Listed records
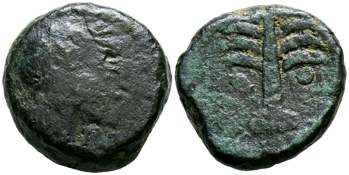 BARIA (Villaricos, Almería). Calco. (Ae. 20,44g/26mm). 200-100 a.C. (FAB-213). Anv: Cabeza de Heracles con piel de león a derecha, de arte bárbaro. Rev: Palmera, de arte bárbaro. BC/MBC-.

* * *

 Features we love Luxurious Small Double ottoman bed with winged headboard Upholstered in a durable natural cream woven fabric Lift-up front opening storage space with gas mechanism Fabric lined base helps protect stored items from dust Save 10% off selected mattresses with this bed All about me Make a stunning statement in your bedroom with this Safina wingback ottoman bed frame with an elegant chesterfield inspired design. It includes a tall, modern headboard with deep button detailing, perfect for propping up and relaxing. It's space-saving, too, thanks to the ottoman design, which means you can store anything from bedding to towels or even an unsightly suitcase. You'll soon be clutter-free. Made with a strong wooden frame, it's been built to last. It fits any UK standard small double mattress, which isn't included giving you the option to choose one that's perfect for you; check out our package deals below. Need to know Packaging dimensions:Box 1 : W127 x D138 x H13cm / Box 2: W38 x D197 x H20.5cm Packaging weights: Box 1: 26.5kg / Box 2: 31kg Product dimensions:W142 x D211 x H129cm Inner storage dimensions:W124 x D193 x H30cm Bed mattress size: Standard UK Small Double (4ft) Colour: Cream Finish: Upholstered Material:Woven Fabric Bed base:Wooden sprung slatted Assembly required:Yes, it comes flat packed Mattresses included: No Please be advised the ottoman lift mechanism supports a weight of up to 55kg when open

==

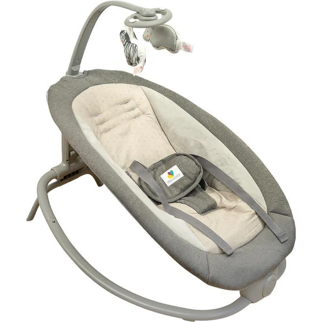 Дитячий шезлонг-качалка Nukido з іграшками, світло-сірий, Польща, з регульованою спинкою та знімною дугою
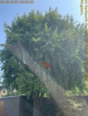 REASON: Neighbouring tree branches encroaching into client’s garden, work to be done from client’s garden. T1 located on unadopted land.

Work item
Give again the stretch of the entries above that begins at the line with "Дитячий шезлонг-качалка Nukido" and ends at the line with "REASON: Neighbouring tree", word for word, with no pictures.

Exercise solution
 Дитячий шезлонг-качалка Nukido з іграшками, світло-сірий, Польща, з регульованою спинкою та знімною дугою
 REASON: Neighbouring tree branches encroaching into client’s garden, work to be done from client’s garden. T1 located on unadopted land.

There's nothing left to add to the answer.